Effects of Homogenization Conditions on the Microstructure Evolution of Aluminium Alloy EN AW 8006

Abstract

The industrial production of products, such as foil and aluminium alloy strips, begins with the production of semi-finished products in the form of slabs. These are produced by the continuous casting process, which is quick and does not allow the equilibrium conditions of solidification. Non-homogeneity—such as micro and macro segregation, non-equilibrium phases and microstructural constituents, as well as stresses arising during non-equilibrium solidification—are eliminated by means of homogenization annealing. In this way, a number of technological difficulties in the further processing of semi-finished products can be avoided. The aim of this research was the optimization of the homogenization annealing of the EN AW 8006 alloy. With the Thermo-Calc software, a thermodynamic simulation of equilibrium and non-equilibrium solidification was performed. Differential scanning calorimetry (DSC) was performed on selected samples in as-cast state and after various regimes of homogenization annealing and was used for the simulation of homogenization annealing. Using an optical microscope (OM), a scanning electron microscope (SEM) and an energy dispersion spectrometer (EDS), the microstructure of the samples was examined. Based on the results, it was concluded that homogenization annealing has already taken place after 8 h at 580 °C to the extent, that the material is then suitable for further processing.

1. Introduction

Due to their relatively high strength, combined with their sufficient ductility, the non-hardenable alloys Al-Fe-Mn-Si are largely used in the automotive industry, cooling systems, civil engineering, etc. Al-foil can be produced either by starting from a conventional direct chill (DC) cast ingot which is then hot rolled to a strip of about 2–5 mm, or from continuous casting a 6–7-mm-thick sheet (twin roll casting or belt casting) and then cold rolling it to an intermediate (foil stock) gauge of about 0.4–1 mm. This is followed by annealing in the temperature range 350–400 °C. [1] Then, the material is cold rolled to final foil thickness. Afterwards, closed gap rolling must be used to achieve thinner foil gauges below 100 µm, which is performed in a dedicated foil mill. Most Al-foil products will be used in the O-temper conditions (foil must be soft annealed). In addition to the recrystallization, the final gauge annealing is required to remove lubricant from the foil [2].

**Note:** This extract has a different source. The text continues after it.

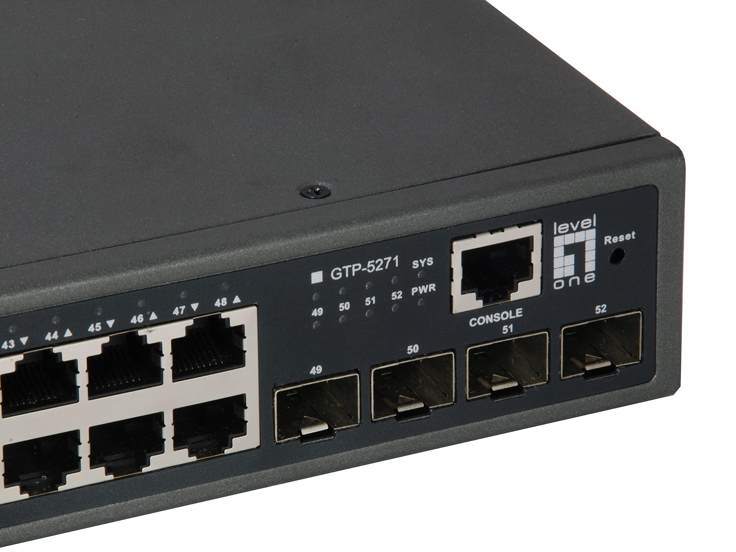 LevelOne Switch GTP-5271 - Switch Gigabit PoE a 52 porte, 4 x 10 GbE SFP+, 48 uscite PoE, 400 W/L3 Gigabit Ethernet (10/100/1000) / Power over Ethernet (PoE)/grigio

Thin aluminium sheets which exhibit good formability and sufficient rigidity are advisable for use in applications such as fin-stocks in heat exchangers. Thus, a fine grain size structure and a texture warranting low anisotropy must be achieved by alloy processing. The form in which alloying elements are present is an important factor influencing recrystallization and texture development, and in consequence alloy properties. Iron, manganese and silicon may be present in second-phase particles or dissolved in the matrix. Coarse intermetallic particles usually act as nucleation sites during recrystallization, giving a random or retained rolling texture. Fine particles inhibit grain growth by pinning grain boundaries. Thus, depending on dispersoid density and size, recrystallization can be accelerated or retarded. Alloying elements in a solid solution also affects structure and properties. Solid solution element content and dispersoid distribution can be changed by heat treatment [3,4,5].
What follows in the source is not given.